Stored data entries:
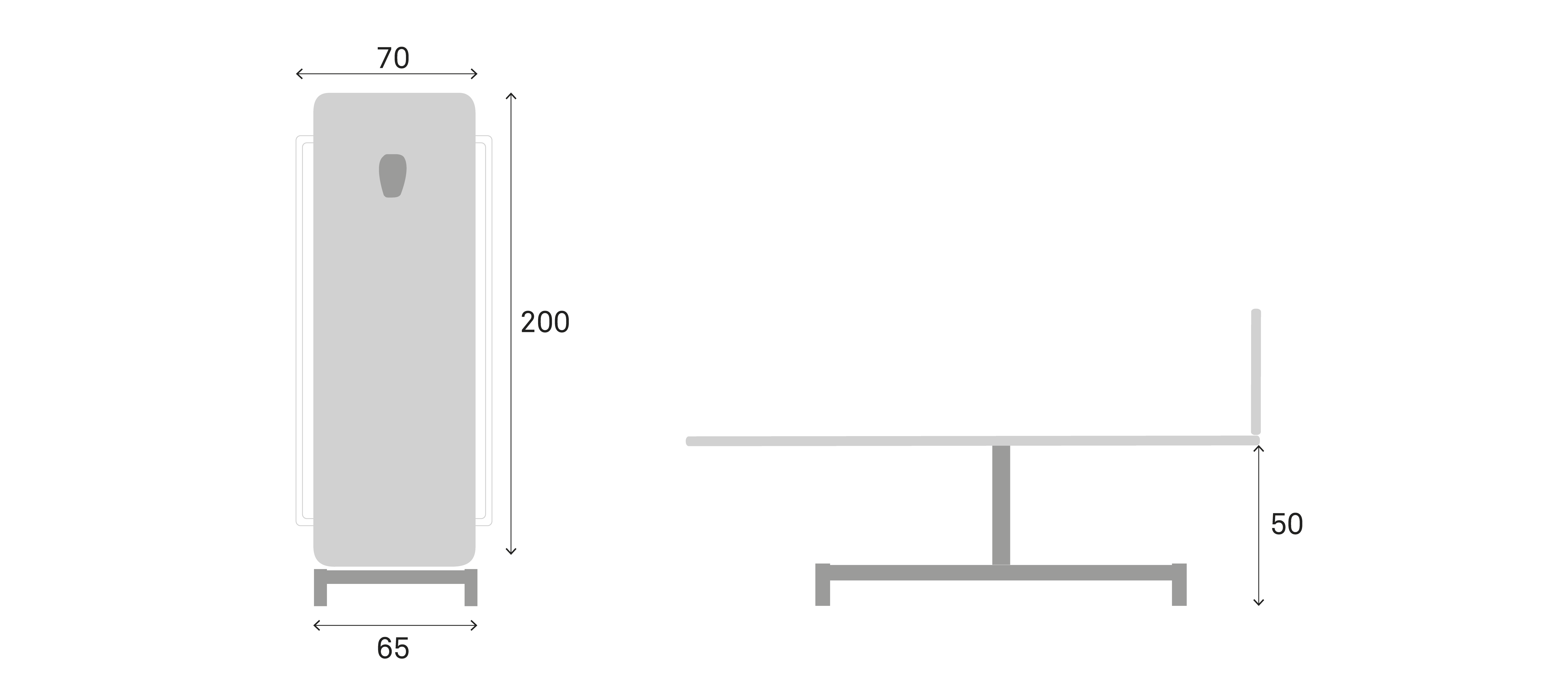 En-sektions statiskt bord med lutning assisterad av elmotor. Den fasta höjden på 49 cm möjliggör enkel förflyttning av patienten till en rullstol.
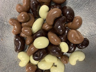 Geröstete Cashewkerne mit Vollmilch- Zartbitter- und weißer Schokolade.
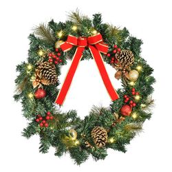 En savoir +Cette magnifique couronne de Noël est parfaite pour décorer votre maison ou votre bureau à l'approche des fêtes de fin d'année ! Composée d'une variété de baies, de feuilles, de pommes de pin et de fleurs, elle peut être fixée sur les portes, les fenêtres ou les murs, elle brillera de mille feux grâce à ses 20 lumières LED blanc chaud intégrées.
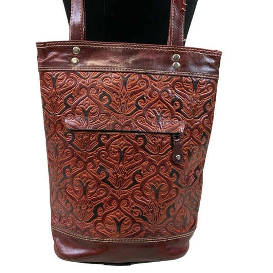 Vintage Boho Burgundy Black Indian Leather Hand Tooled Decorative Shoulder Bag
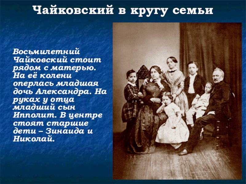 Слайд 6 Восьмилетний Чайковский стоит рядом с матерью. На её
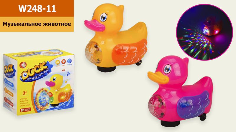 Утка муз. ст. W248-11 (96шт/2) 2 цвета микс, свет, звук, батар., р-р
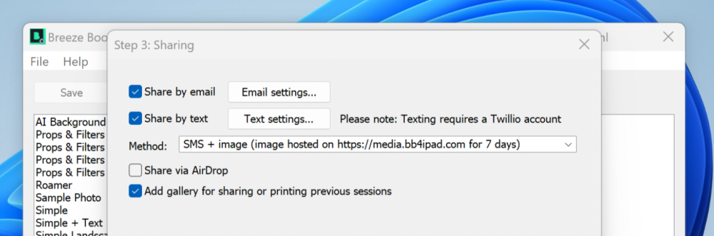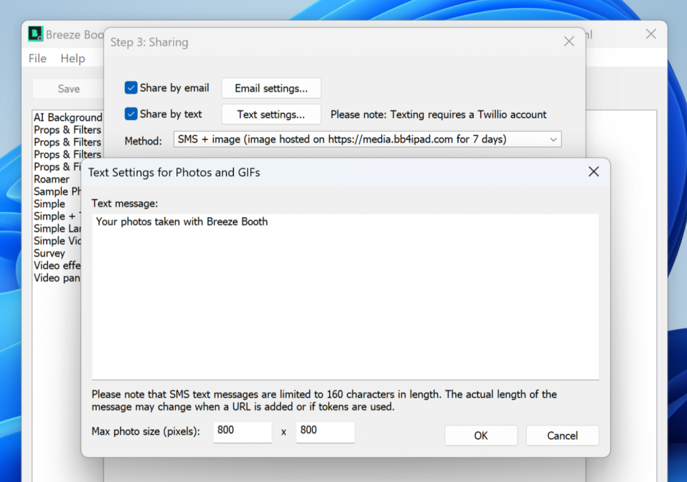 If you have enabled text sharing, select Text Settings… and fill in your text message and the maximum height/width of the media to send. You also need to select the Method (from the drop-down list) of how your text messages will be sent.
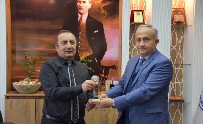 Başkan Ali Sülük’e Mahmetçik Vakfı’nın çalışmaları hakkında bilgi veren Kabakçı, daha sonra teşekkür plaketi takdim etti.
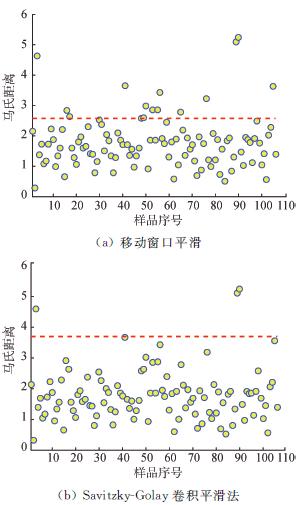 隨后采用SG卷積平滑法與移動(dòng)窗口平滑法這兩種光譜預(yù)處理方法的前4個(gè)主成分對(duì)馬氏距離進(jìn)行計(jì)算。其中SG卷積平滑法剔除3個(gè)異常樣本(最佳閾值為2.2),移動(dòng)窗口平滑法剔除15個(gè)異常樣本(最佳閾值為0.9),如圖4所示。
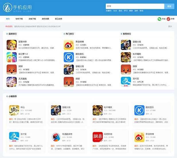 PbootCMS内核开发的网站模板,该模板适用于软件下载网站、APP应用下载网站等企业,当然其他行业也可以做,只需要把文字图片换成其他行业的即可;
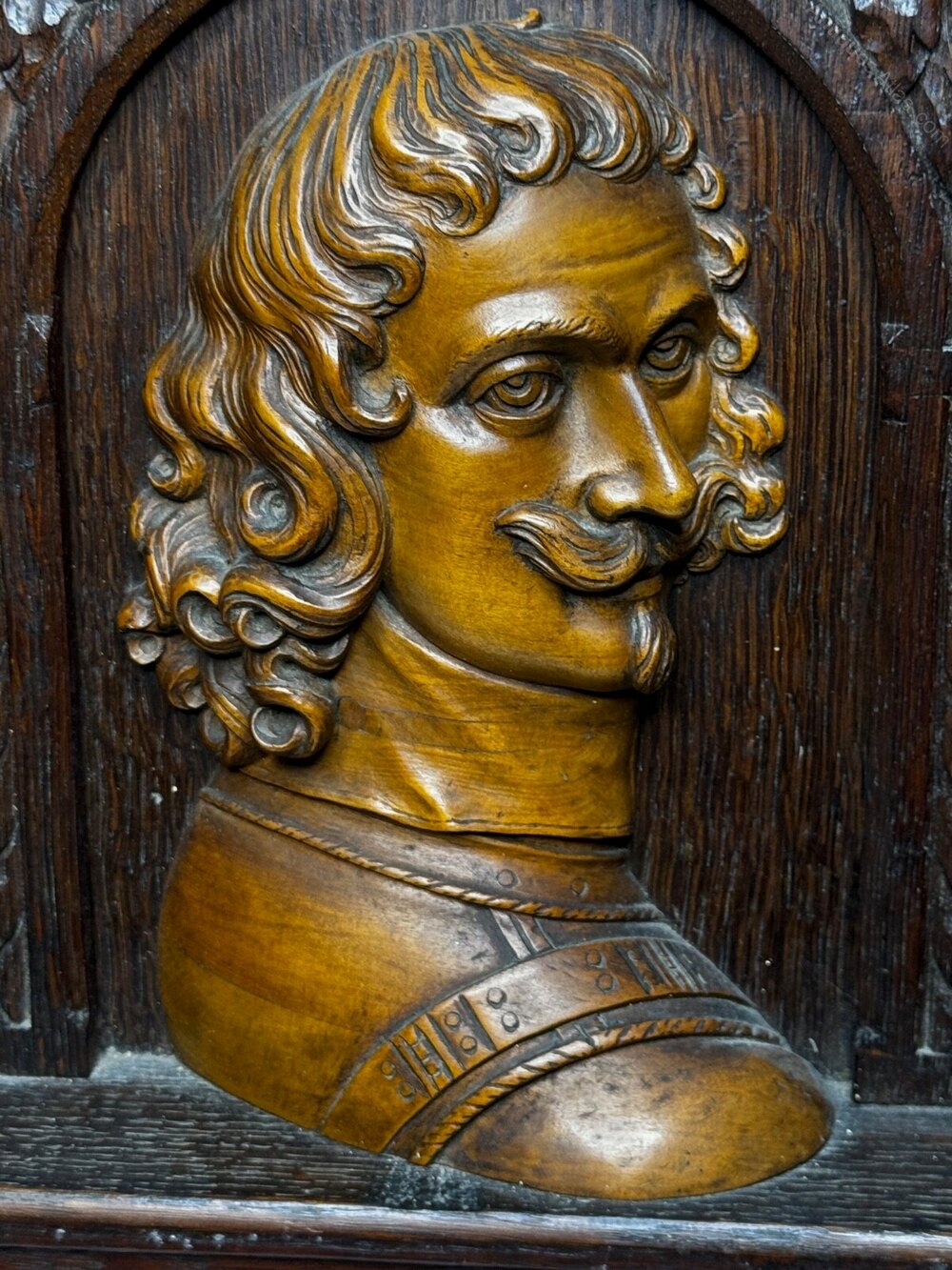 A handsome carved oak and fruitwood wall plaque depicting Colonel Sir Edward Massey, Governor of Gloucester (1642) and later Governor of Sudeley Castle (1644) during the English Civil War.
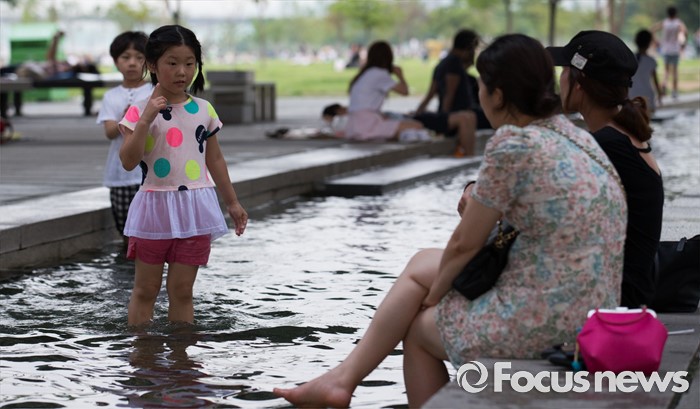 (서울=포커스뉴스) 올해 들어 첫 열대야가 발생한 11일 오후 서울 여의도 한강공원을 찾은 시민들이 더위를 피해 물놀이를 하고 있다.

→ Activity
Print exactly the first line of the entries and every line after it through the one that contains "En savoir +Cette", leaving the pictures out.

→ Result of this task
 En-sektions statiskt bord med lutning assisterad av elmotor. Den fasta höjden på 49 cm möjliggör enkel förflyttning av patienten till en rullstol.
 Geröstete Cashewkerne mit Vollmilch- Zartbitter- und weißer Schokolade.
 En savoir +Cette magnifique couronne de Noël est parfaite pour décorer votre maison ou votre bureau à l'approche des fêtes de fin d'année ! Composée d'une variété de baies, de feuilles, de pommes de pin et de fleurs, elle peut être fixée sur les portes, les fenêtres ou les murs, elle brillera de mille feux grâce à ses 20 lumières LED blanc chaud intégrées.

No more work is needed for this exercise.